In this section, we utilize the TPM outputs from the Kallisto tool, originating from an (RNA-Seq experiment) [https://www.nature.com/articles/s41597-020-0541-4]. The data is openly accessible and available for download. The MDTToolset includes two conditions as example cases for users. If you already have the quantification data prepared for each condition, you may proceed to the next step. Ensure that the first two column names are ‘ENST’ and ‘ENSG’, respectively, followed by the sample names as shown below.

## read TPM data 
cond1 <- MDTToolset::cond1 # molecular retina
cond2 <- MDTToolset::cond2 # peripheral retina 

# visalize the dataframes. Note that you should have knitr R package installed.
knitr::kable(head(cond1,2), caption = 'TPM Matrix')
TPM Matrix
ENST tpm_kallisto_macular_retina.1 tpm_kallisto_macular_retina.10 tpm_kallisto_macular_retina.11 tpm_kallisto_macular_retina.12 tpm_kallisto_macular_retina.2 tpm_kallisto_macular_retina.3 tpm_kallisto_macular_retina.4 tpm_kallisto_macular_retina.5 tpm_kallisto_macular_retina.6 tpm_kallisto_macular_retina.7 tpm_kallisto_macular_retina.8 tpm_kallisto_macular_retina.9
ENST00000000233 189.3070 202.8500 203.376 232.7330 191.1680 184.5650 195.5500 228.8620 202.2350 248.3690 196.5360 235.9530
ENST00000000412 43.7888 52.5654 52.852 65.5688 59.9673 53.0147 64.1605 48.3739 60.3188 62.3249 46.5275 63.5542
knitr::kable(head(cond2,2), caption = 'TPM Matrix')
TPM Matrix
ENST tpm_kallisto_peripheral_retina.1 tpm_kallisto_peripheral_retina.10 tpm_kallisto_peripheral_retina.11 tpm_kallisto_peripheral_retina.12 tpm_kallisto_peripheral_retina.2 tpm_kallisto_peripheral_retina.3 tpm_kallisto_peripheral_retina.4 tpm_kallisto_peripheral_retina.5 tpm_kallisto_peripheral_retina.6 tpm_kallisto_peripheral_retina.7 tpm_kallisto_peripheral_retina.8 tpm_kallisto_peripheral_retina.9
ENST00000000233 121.7770 136.121 154.4650 169.1770 148.1950 174.5520 147.8110 147.3530 132.3580 138.844 135.4470 165.8010
ENST00000000412 41.0036 54.297 55.0917 62.8938 59.8682 49.5176 61.5132 48.0374 63.8108 60.491 52.6708 56.7923

Prepare Files to Remove the Redundant Transcripts

This step is optional but highly recommended.

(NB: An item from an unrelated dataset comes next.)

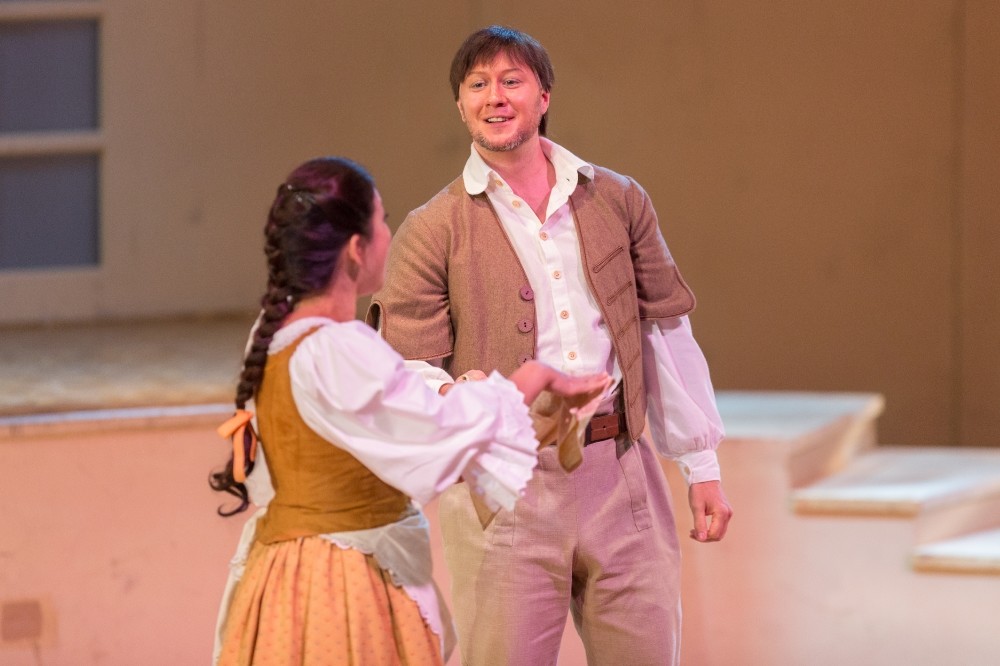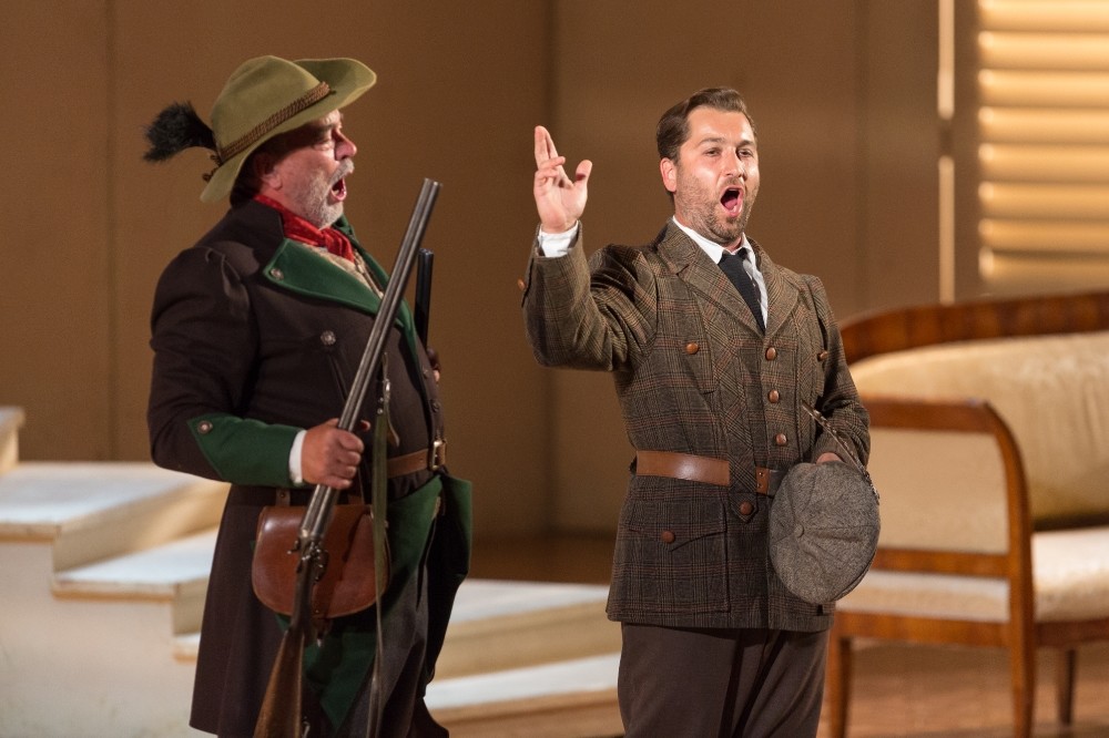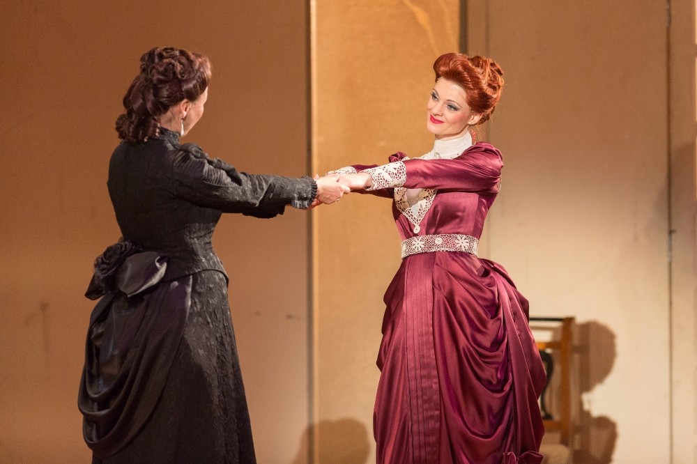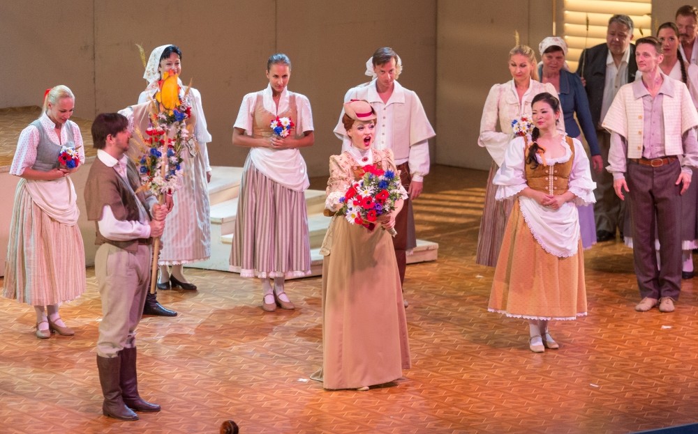 Karolina Marie Fajtové je půvabnou mladou ženou, s hezky kulatými, volnými výškami, s nimiž si dokáže dynamicky pohrát decrescendy z forte do pian, nebo naopak z mezza voce rozvinout tóny do prostorově nosného zvuku. Jen srozumitelnost slova poněkud vázne, pouze momenty bez doprovodu orchestru přejí tomuto aspektu. Podobně ovšem i Dana Burešová v Anežce. Zvládá rozsah role i instrumentálně plastické vedení frází báječně, ale rozumět je poměrně málo. A tak se osvědčuje čtecí zařízení. Tschechisch? Und warum tschechisch? Nu právě proto! Němci se diví a Češi na české opeře hezky čtou a čtou.
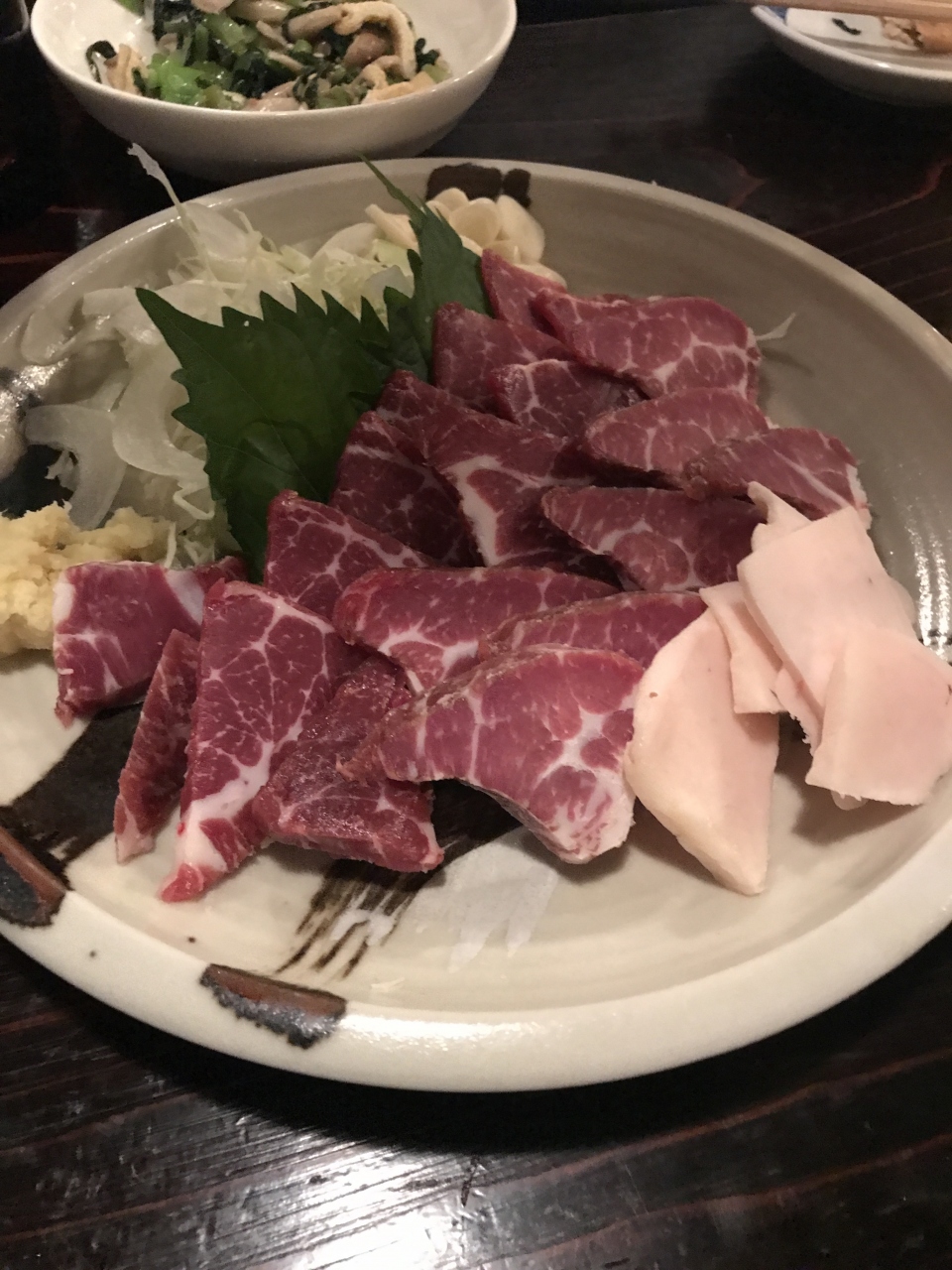 熊本の三井ガーデンホテルから近いところにある居酒屋さん。店内はカウンター10席ほどとテーブルが3客ぐらいなので、4名以上の入店は厳しいです。どちらかというと2名がベスト。カウンターには大皿でできたおばんざいがおかれ、どれもとれもおいしいです。カウンターの居心地がいいので、1人での来店が一番良さそう。お通しは湯豆腐と最高の出だし、ビールは瓶のみとこれも通。馬刺しはやや高いが注文。味噌豚、厚揚げ、最高のポテトサラダ、美味しい焼酎

A challenge in transcript quantification is the presence of redundant transcripts, which are transcripts with identical sequences that yield the same TPM values. This redundancy can obscure the identification of Most Dominant Transcripts (MDTs) by preventing the detection of a singular, dominant transcript for a given gene. To address this issue, our initial step involves eliminating redundant transcripts from the dataset. This process includes assigning TPM values to a single representative transcript per redundant group, based on the comparison of their protein sequences.

Priority is given to transcripts classified as MANE (Matched Annotation from NCBI and EMBL-EBI) in the Ensembl database, designating them as the primary transcript. In cases where no MANE transcript is identified, a transcript is randomly selected to represent the group. This step is particularly crucial when working with tools like Kallisto, which may assign identical TPM values to redundant transcripts. Following this, the calculation of MDTs proceeds using the reassigned TPM values.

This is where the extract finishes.